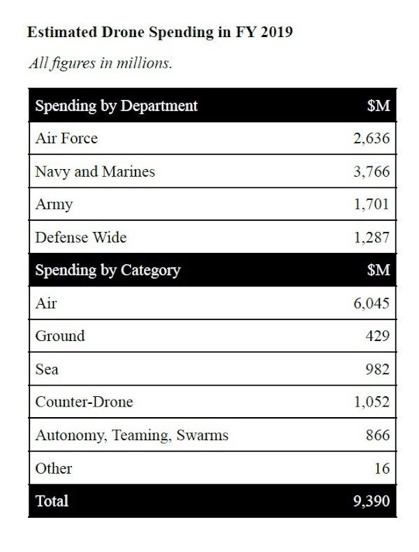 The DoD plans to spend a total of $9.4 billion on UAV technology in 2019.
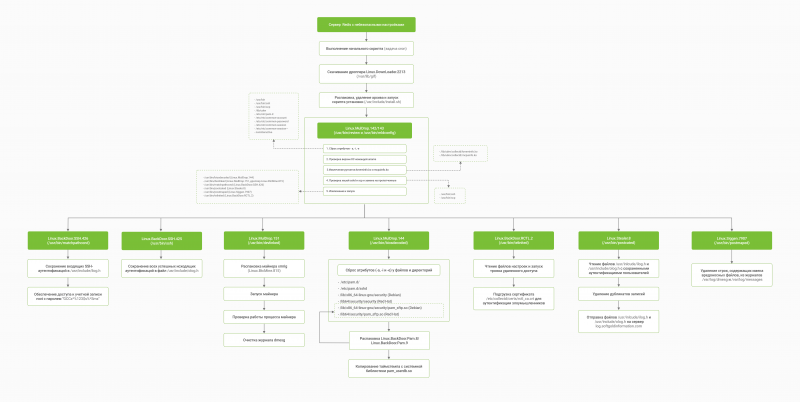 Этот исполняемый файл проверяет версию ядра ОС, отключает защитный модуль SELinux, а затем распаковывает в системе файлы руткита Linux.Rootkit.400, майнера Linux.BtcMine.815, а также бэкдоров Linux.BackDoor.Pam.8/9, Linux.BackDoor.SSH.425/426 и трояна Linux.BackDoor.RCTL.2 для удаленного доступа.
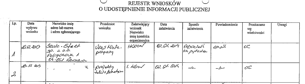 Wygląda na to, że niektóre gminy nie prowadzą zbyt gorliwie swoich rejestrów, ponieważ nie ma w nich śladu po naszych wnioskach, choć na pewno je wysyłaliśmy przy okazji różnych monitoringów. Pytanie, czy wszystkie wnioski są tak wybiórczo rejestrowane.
--
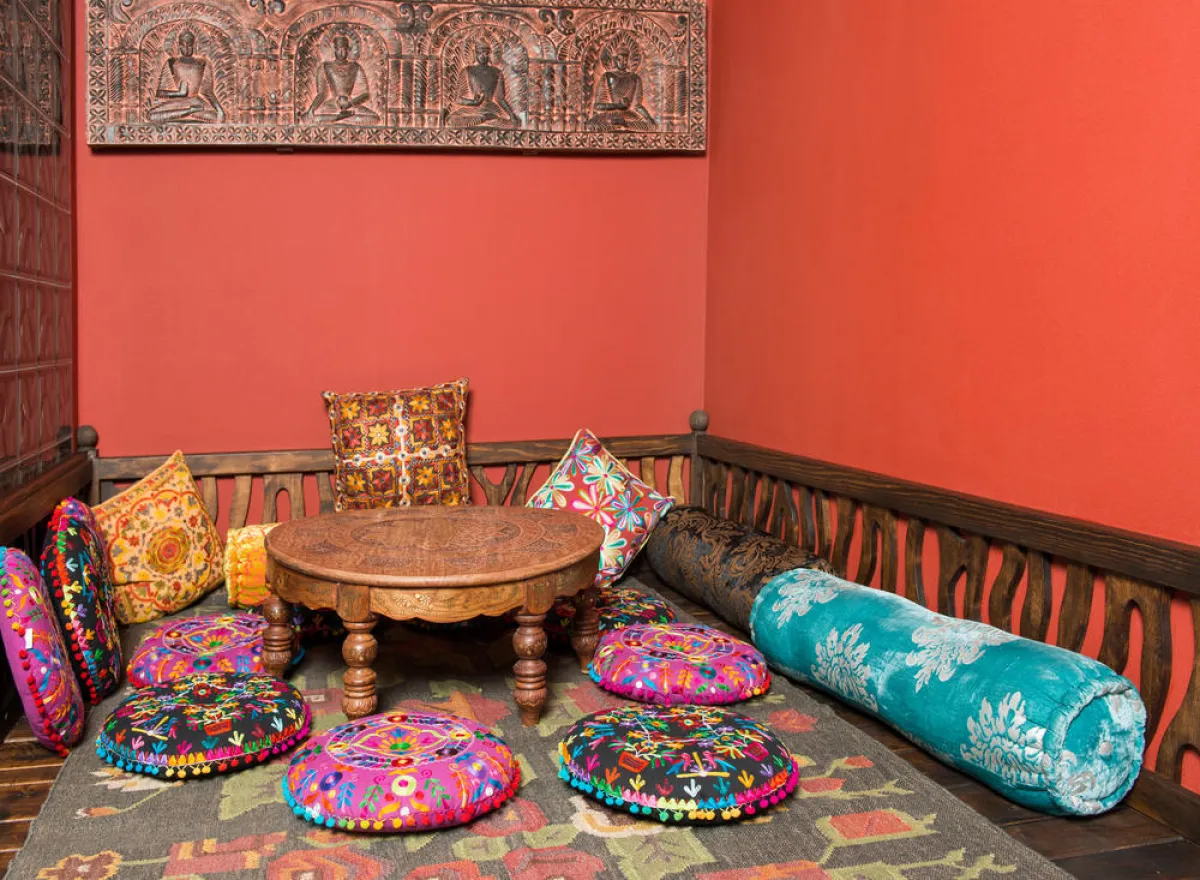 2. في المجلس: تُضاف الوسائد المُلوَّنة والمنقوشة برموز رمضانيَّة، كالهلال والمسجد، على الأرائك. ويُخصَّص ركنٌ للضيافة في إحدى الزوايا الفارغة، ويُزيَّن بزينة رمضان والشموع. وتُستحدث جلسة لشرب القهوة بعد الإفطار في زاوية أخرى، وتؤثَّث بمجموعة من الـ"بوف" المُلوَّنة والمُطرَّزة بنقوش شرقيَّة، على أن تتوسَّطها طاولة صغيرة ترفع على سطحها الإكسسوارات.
* * *
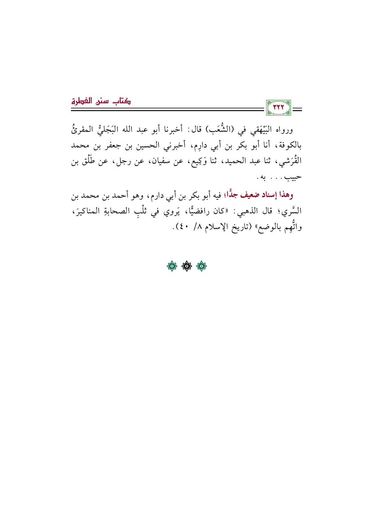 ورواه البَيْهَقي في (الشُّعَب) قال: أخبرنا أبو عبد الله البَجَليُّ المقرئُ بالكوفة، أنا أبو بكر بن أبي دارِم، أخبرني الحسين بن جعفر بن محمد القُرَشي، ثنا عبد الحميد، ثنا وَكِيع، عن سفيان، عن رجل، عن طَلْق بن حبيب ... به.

■ **Problem to solve**
An exact transcription is needed of the lines from the one with "The DoD plans" to the one with "Wygląda na to, że" above, both ends included, with pictures left out.

■ **Solution for this problem**
 The DoD plans to spend a total of $9.4 billion on UAV technology in 2019.
 Этот исполняемый файл проверяет версию ядра ОС, отключает защитный модуль SELinux, а затем распаковывает в системе файлы руткита Linux.Rootkit.400, майнера Linux.BtcMine.815, а также бэкдоров Linux.BackDoor.Pam.8/9, Linux.BackDoor.SSH.425/426 и трояна Linux.BackDoor.RCTL.2 для удаленного доступа.
 Wygląda na to, że niektóre gminy nie prowadzą zbyt gorliwie swoich rejestrów, ponieważ nie ma w nich śladu po naszych wnioskach, choć na pewno je wysyłaliśmy przy okazji różnych monitoringów. Pytanie, czy wszystkie wnioski są tak wybiórczo rejestrowane.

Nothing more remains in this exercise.